(Source material begins)

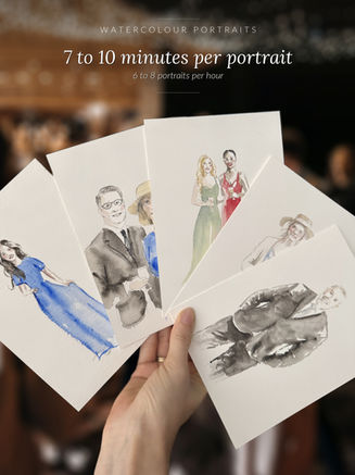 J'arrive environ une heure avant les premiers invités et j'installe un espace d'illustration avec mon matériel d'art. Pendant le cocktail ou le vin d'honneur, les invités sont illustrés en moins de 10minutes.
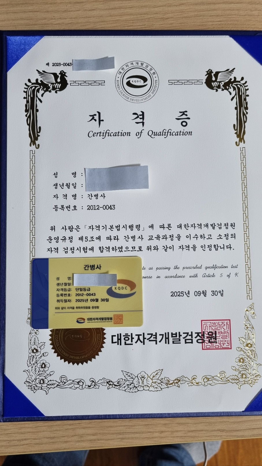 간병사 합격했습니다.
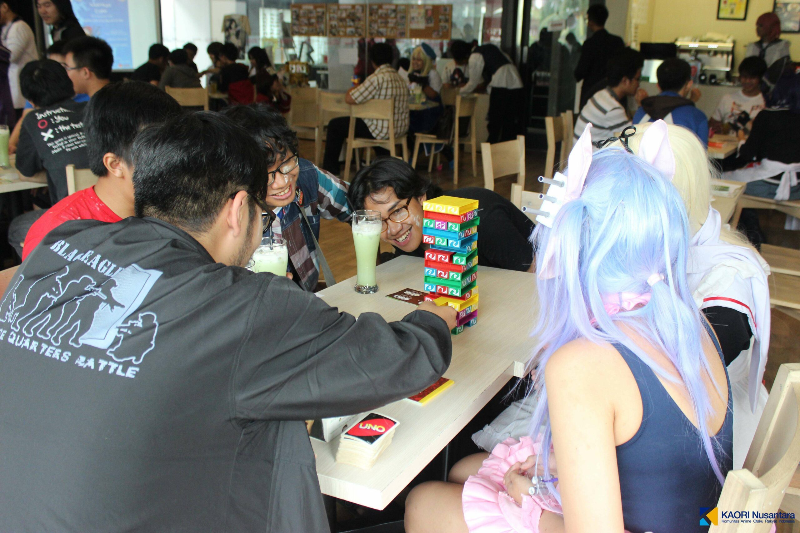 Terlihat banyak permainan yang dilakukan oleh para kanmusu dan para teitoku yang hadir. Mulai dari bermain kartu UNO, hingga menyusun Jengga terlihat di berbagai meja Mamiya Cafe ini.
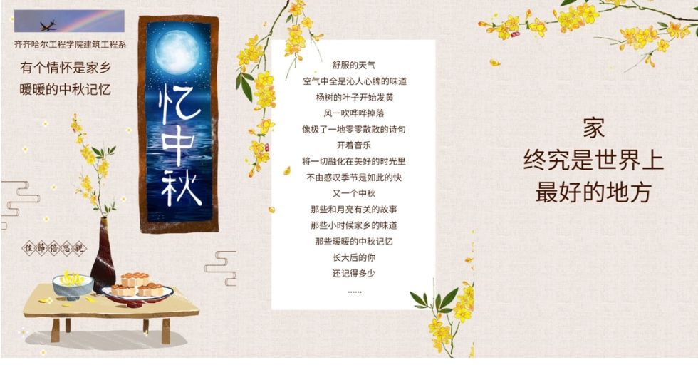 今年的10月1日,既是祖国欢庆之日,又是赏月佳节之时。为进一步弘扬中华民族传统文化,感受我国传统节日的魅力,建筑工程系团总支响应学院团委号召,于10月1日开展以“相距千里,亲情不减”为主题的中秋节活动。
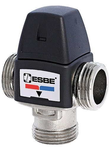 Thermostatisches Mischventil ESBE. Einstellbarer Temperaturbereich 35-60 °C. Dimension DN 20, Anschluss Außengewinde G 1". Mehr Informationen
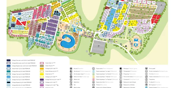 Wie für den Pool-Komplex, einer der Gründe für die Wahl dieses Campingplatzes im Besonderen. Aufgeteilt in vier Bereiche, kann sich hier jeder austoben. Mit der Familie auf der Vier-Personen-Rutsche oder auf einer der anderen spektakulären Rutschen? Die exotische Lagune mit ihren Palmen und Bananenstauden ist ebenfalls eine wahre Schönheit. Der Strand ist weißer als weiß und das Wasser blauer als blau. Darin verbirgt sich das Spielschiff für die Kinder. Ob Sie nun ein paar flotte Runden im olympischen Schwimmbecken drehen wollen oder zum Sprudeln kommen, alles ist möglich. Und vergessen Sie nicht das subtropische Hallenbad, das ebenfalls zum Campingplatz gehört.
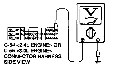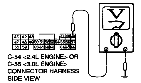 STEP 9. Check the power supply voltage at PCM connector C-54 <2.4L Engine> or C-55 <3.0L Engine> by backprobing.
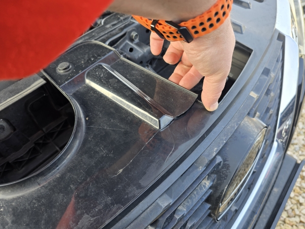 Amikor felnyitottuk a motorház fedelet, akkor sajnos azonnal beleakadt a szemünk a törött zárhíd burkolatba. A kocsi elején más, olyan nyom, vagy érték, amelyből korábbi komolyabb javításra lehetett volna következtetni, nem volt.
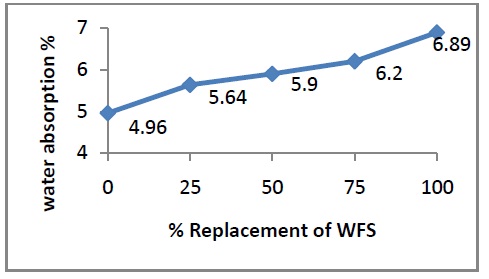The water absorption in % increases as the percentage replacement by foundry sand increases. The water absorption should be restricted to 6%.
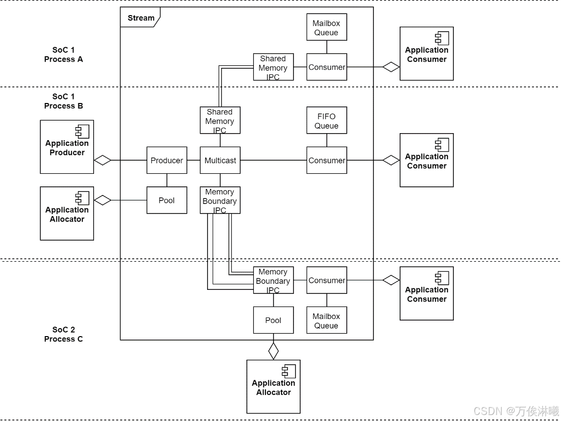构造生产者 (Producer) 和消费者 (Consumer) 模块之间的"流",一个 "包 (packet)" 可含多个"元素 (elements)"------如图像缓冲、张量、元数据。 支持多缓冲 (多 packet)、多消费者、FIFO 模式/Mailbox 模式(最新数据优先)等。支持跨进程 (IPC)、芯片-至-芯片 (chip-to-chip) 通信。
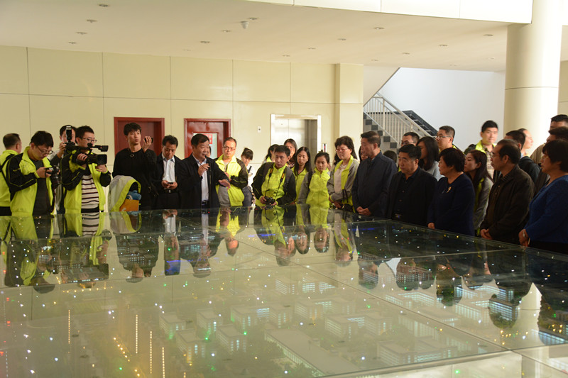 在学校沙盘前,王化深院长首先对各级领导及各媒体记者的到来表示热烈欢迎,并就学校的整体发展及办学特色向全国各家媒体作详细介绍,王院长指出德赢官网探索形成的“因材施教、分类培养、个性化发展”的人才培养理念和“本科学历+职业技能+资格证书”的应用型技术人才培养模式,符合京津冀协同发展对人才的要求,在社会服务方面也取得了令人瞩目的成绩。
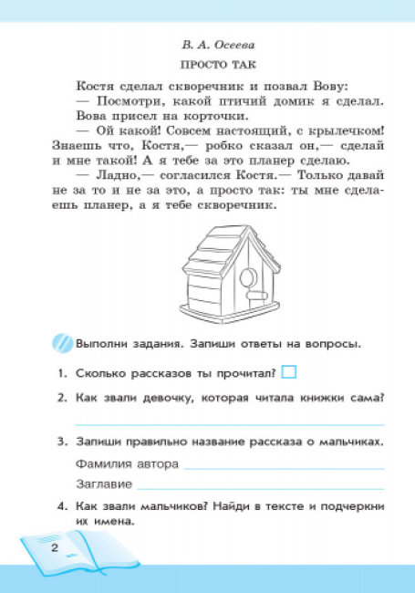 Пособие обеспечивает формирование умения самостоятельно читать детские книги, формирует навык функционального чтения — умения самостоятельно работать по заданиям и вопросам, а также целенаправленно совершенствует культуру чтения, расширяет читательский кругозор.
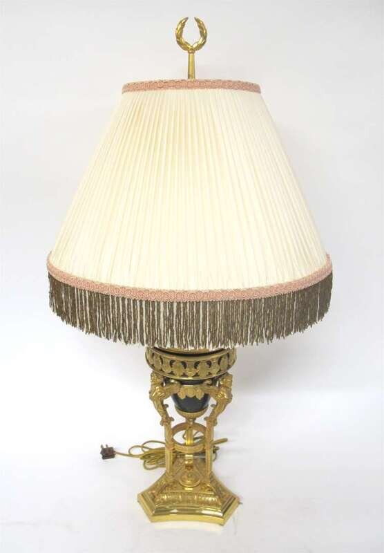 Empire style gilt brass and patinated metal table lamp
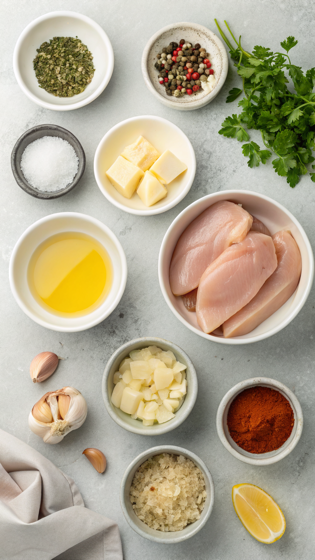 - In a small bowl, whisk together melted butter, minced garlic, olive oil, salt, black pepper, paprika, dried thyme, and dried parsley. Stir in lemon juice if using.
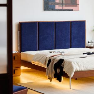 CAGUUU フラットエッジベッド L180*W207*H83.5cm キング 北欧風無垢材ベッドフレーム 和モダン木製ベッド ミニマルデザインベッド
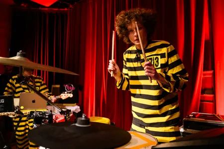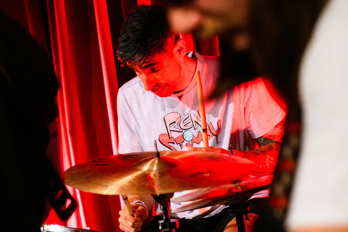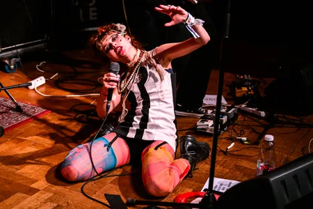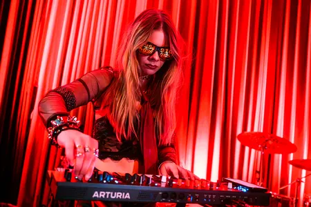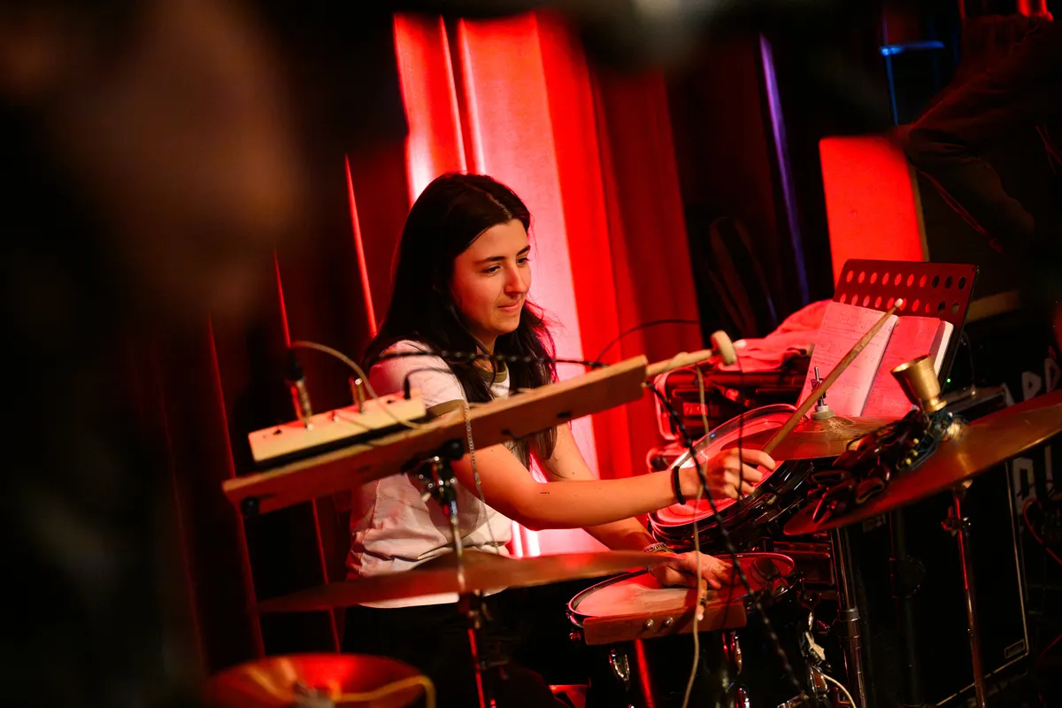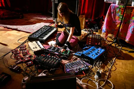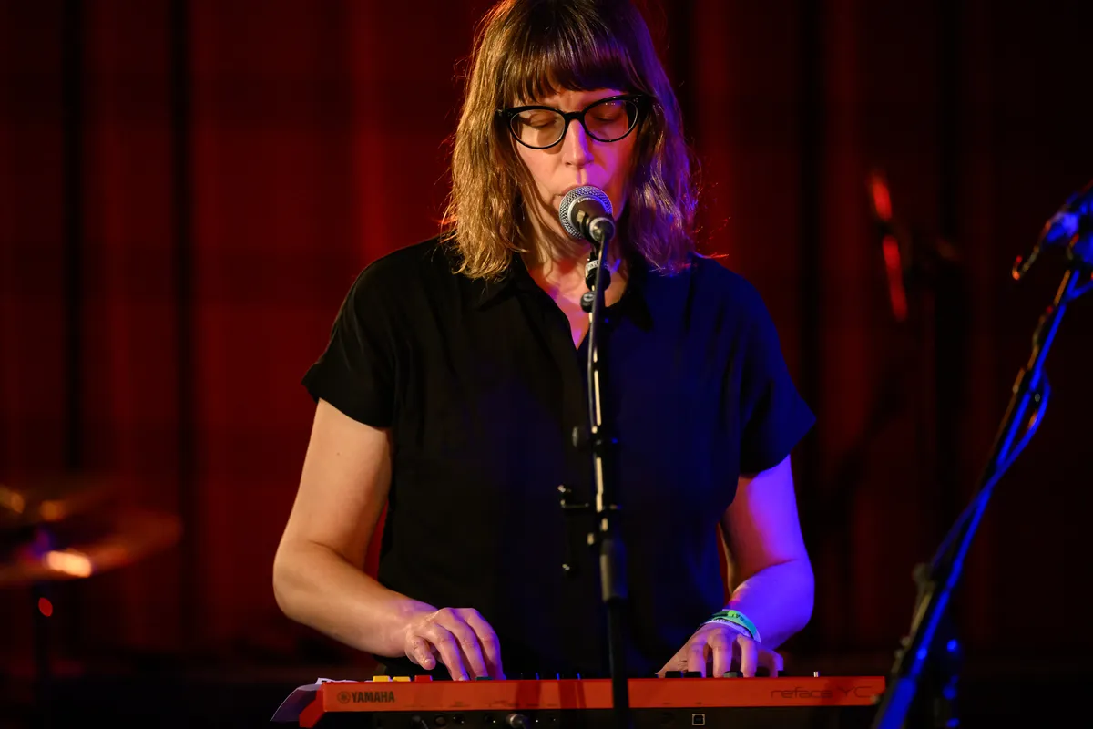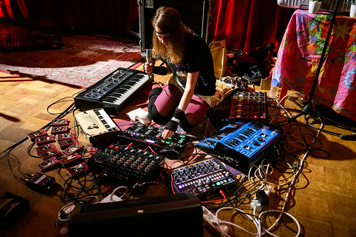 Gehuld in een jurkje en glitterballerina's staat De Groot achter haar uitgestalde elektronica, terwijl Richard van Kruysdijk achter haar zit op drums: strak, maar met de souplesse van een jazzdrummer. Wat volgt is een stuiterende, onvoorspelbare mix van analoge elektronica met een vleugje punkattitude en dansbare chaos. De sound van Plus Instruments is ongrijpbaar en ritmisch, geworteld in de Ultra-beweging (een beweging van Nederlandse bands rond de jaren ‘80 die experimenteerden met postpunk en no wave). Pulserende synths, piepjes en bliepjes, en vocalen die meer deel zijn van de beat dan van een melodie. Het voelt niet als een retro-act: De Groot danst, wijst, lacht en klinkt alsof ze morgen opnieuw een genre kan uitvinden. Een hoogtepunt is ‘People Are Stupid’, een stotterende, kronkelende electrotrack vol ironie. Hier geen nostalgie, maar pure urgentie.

(Source material ends)

Only lines go in the copy, not pictures. Transcribe exactly from the start of the listing through the line containing "Terlihat banyak permainan".

▶ [Problem solution]
 J'arrive environ une heure avant les premiers invités et j'installe un espace d'illustration avec mon matériel d'art. Pendant le cocktail ou le vin d'honneur, les invités sont illustrés en moins de 10minutes.
 간병사 합격했습니다.
 Terlihat banyak permainan yang dilakukan oleh para kanmusu dan para teitoku yang hadir. Mulai dari bermain kartu UNO, hingga menyusun Jengga terlihat di berbagai meja Mamiya Cafe ini.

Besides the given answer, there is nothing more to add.